Records for processing Block Start
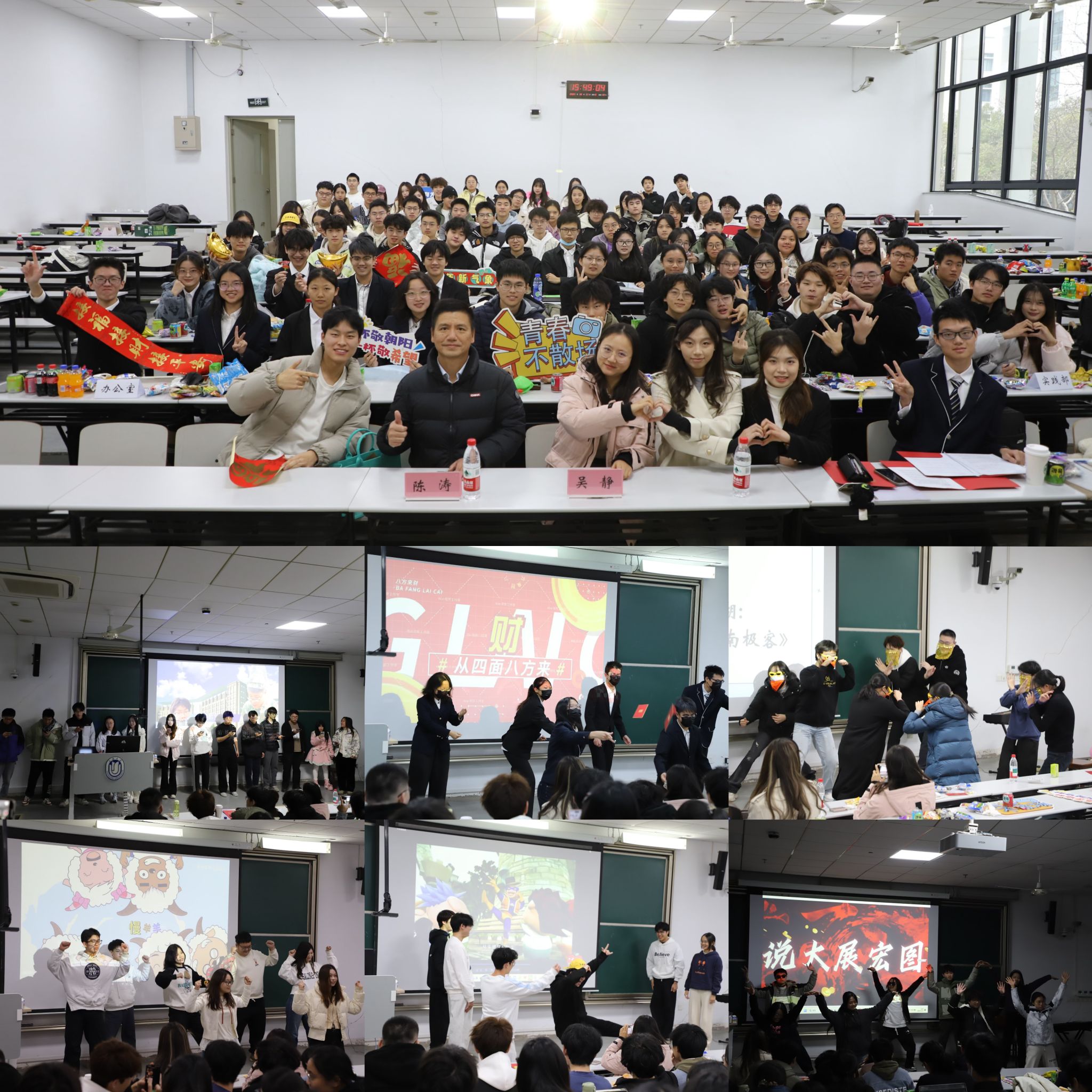 年度总结环节后,大会进入了轻松活泼的风采展示与游戏互动部分。各部门带来了精彩纷呈、创意十足的节目:科创部的《留下来给我刷嘉年华》歌舞串烧活力四射,表演形式丰富多彩,再现“直播间”氛围。融媒体部通过《大展宏图》创意表演,展现了部门的独特魅力。办公室的《年年有鱼》表演活力四射,配乐充满节奏感,服装独特新颖,搭配亮眼的道具,将美好的祝福寄托于精心设计的舞蹈动作中,令人影响深刻、回味无穷。实践部的《天竺湖:青蛙王子舞战南极客》舞蹈串烧幽默诙谐,演绎的创新故事为古典音乐赋予新的活力。文体部以《猪猪侠的倒数如厕计划》歌舞秀点燃全场,大胆而生动的表演让人赞不绝口。组织部《猛男靓女幼儿园》从米奇妙妙屋到青青草原,回忆了我们的童年。
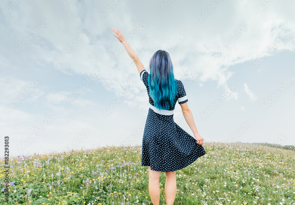 Woman waving her hand outdoor.
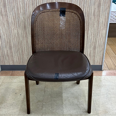 の背もたれ(籐)と座面(本革)の張替修理のご依頼です。
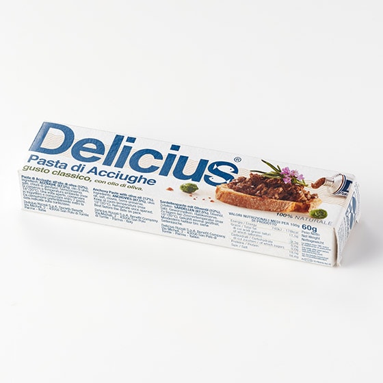 Deliciusは1973年に創業しイタリアのパルマに本社を置く魚介類保存業界のリーダーカンパニーです。彼らのアンチョビはシンプルな素材で作るからこそ細心の注意を払うという情熱と哲学によって作られ、そのおいしさはイタリア国内のみならず海外にも多くのファンを獲得、評価を得ています。漁はアドリア海を中心とした地中海でおこない、アルバニア共和国に設けている工場で素早く加工。現在でも、昔と同様に、4月から9月にかけて夜が深い、いわゆる「ノッティ・ディ・スクーロnotti di scuro」(暗い夜)に、海と海底に配慮した網を取り付けた伝統的な漁船で漁獲されます。アンチョビはすぐに下処理をする必要があり、獲れてから6時間以内に処理され大きな木樽の中に、塩の層に覆われ安置、旨みを引き出します。年月を経ても、古典的な製法を守り、かつ完成までの各フェーズは全て長年の経験で培ったノウハウを持つ優秀な担当者たちによって綿密に管理されその品質を維持し世界に発信しています。
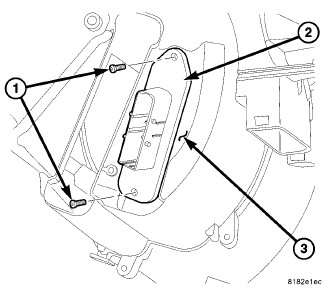 2. Install the two screws (1) that secure the PTC heater unit to the air distribution housing. Tighten the screws to 1.2 Nm (10 in. lbs.).
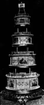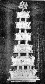 The cake was given structural integrity by the addition of steel rods with pillar drums between the tiers.[56]
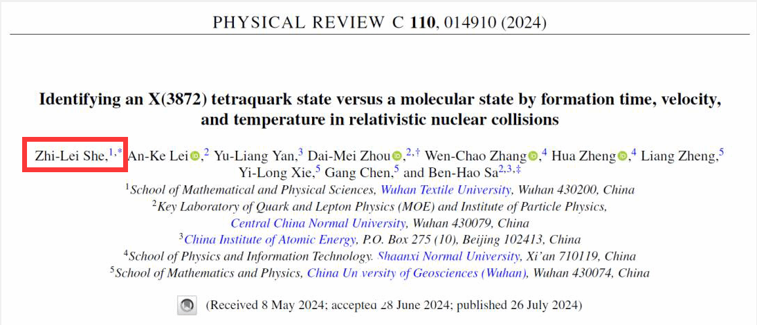 高端论文彰显实力。发表SCI论文60余篇,其中3篇入选ESI高被引论文。汤思宇博士、佘智磊博士先后在国际权威期刊《Phys. Rev. C》发表学术论文,张难高博士在国际著名数学期刊《SIAM Journal on Mathematical Analysis》发表学术论文。
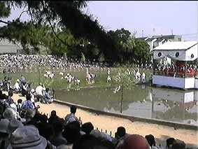 神水による御祓いのあと、植女から替植女に早苗が渡され、田植えが始まります。 田植えが行われている間、神田の中央の舞台や周囲で舞や踊りなどの行事が行われ、 これらの行事が終わった頃に田植えが終わっています。
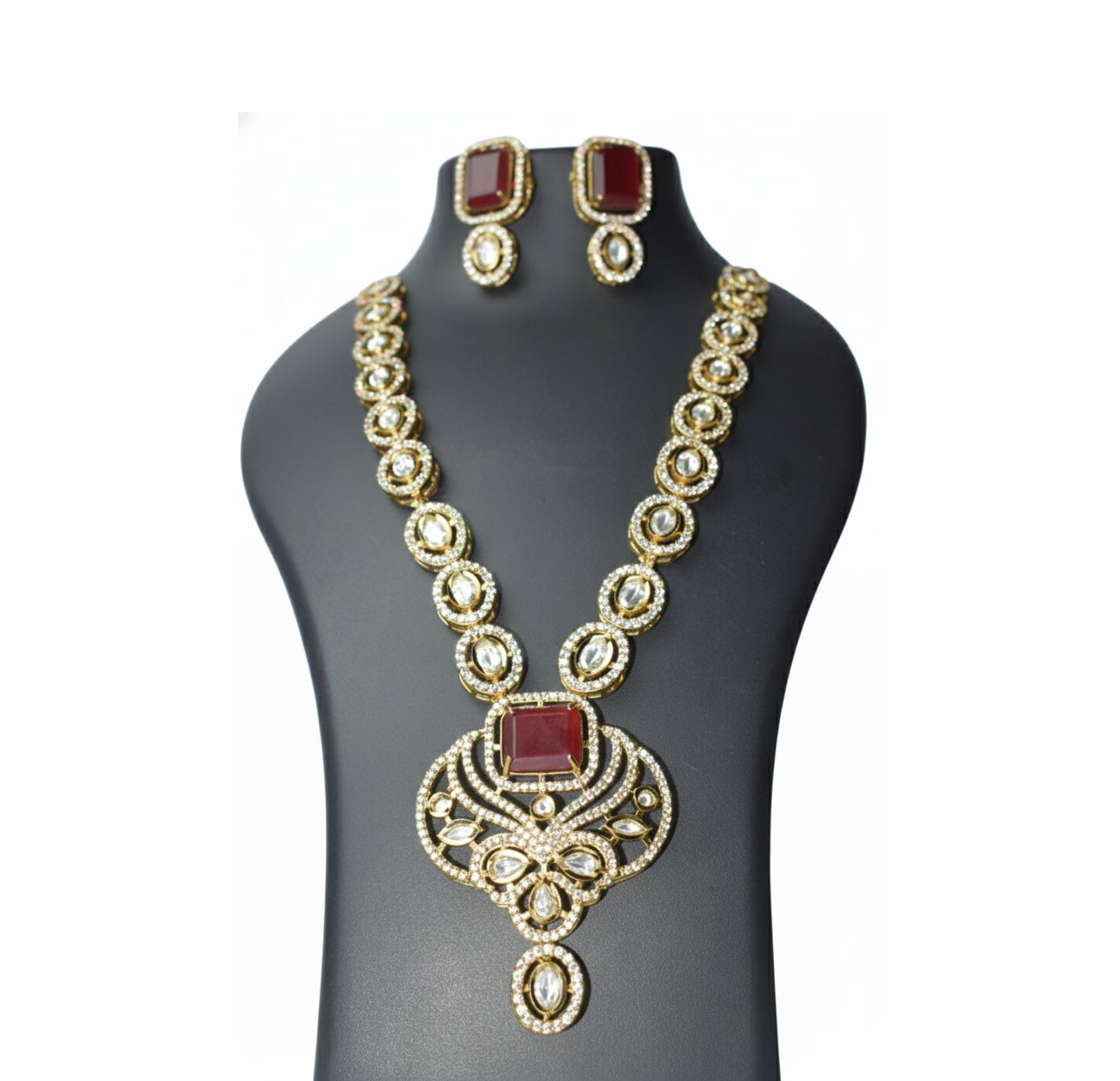 Exquisite maroon stone Kundan necklace set featuring intricate craftsmanship and traditional charm.,Perfect for weddings and festive occasions, adding a regal touch to any ethnic ensemble.
Records for processing Block End
**Task requirements:** Output all the material verbatim, skipping every image.

**Answer to the problem:**
 年度总结环节后,大会进入了轻松活泼的风采展示与游戏互动部分。各部门带来了精彩纷呈、创意十足的节目:科创部的《留下来给我刷嘉年华》歌舞串烧活力四射,表演形式丰富多彩,再现“直播间”氛围。融媒体部通过《大展宏图》创意表演,展现了部门的独特魅力。办公室的《年年有鱼》表演活力四射,配乐充满节奏感,服装独特新颖,搭配亮眼的道具,将美好的祝福寄托于精心设计的舞蹈动作中,令人影响深刻、回味无穷。实践部的《天竺湖:青蛙王子舞战南极客》舞蹈串烧幽默诙谐,演绎的创新故事为古典音乐赋予新的活力。文体部以《猪猪侠的倒数如厕计划》歌舞秀点燃全场,大胆而生动的表演让人赞不绝口。组织部《猛男靓女幼儿园》从米奇妙妙屋到青青草原,回忆了我们的童年。
 Woman waving her hand outdoor.
 の背もたれ(籐)と座面(本革)の張替修理のご依頼です。
 Deliciusは1973年に創業しイタリアのパルマに本社を置く魚介類保存業界のリーダーカンパニーです。彼らのアンチョビはシンプルな素材で作るからこそ細心の注意を払うという情熱と哲学によって作られ、そのおいしさはイタリア国内のみならず海外にも多くのファンを獲得、評価を得ています。漁はアドリア海を中心とした地中海でおこない、アルバニア共和国に設けている工場で素早く加工。現在でも、昔と同様に、4月から9月にかけて夜が深い、いわゆる「ノッティ・ディ・スクーロnotti di scuro」(暗い夜)に、海と海底に配慮した網を取り付けた伝統的な漁船で漁獲されます。アンチョビはすぐに下処理をする必要があり、獲れてから6時間以内に処理され大きな木樽の中に、塩の層に覆われ安置、旨みを引き出します。年月を経ても、古典的な製法を守り、かつ完成までの各フェーズは全て長年の経験で培ったノウハウを持つ優秀な担当者たちによって綿密に管理されその品質を維持し世界に発信しています。
 2. Install the two screws (1) that secure the PTC heater unit to the air distribution housing. Tighten the screws to 1.2 Nm (10 in. lbs.).
 The cake was given structural integrity by the addition of steel rods with pillar drums between the tiers.[56]
 高端论文彰显实力。发表SCI论文60余篇,其中3篇入选ESI高被引论文。汤思宇博士、佘智磊博士先后在国际权威期刊《Phys. Rev. C》发表学术论文,张难高博士在国际著名数学期刊《SIAM Journal on Mathematical Analysis》发表学术论文。
 神水による御祓いのあと、植女から替植女に早苗が渡され、田植えが始まります。 田植えが行われている間、神田の中央の舞台や周囲で舞や踊りなどの行事が行われ、 これらの行事が終わった頃に田植えが終わっています。
 Exquisite maroon stone Kundan necklace set featuring intricate craftsmanship and traditional charm.,Perfect for weddings and festive occasions, adding a regal touch to any ethnic ensemble.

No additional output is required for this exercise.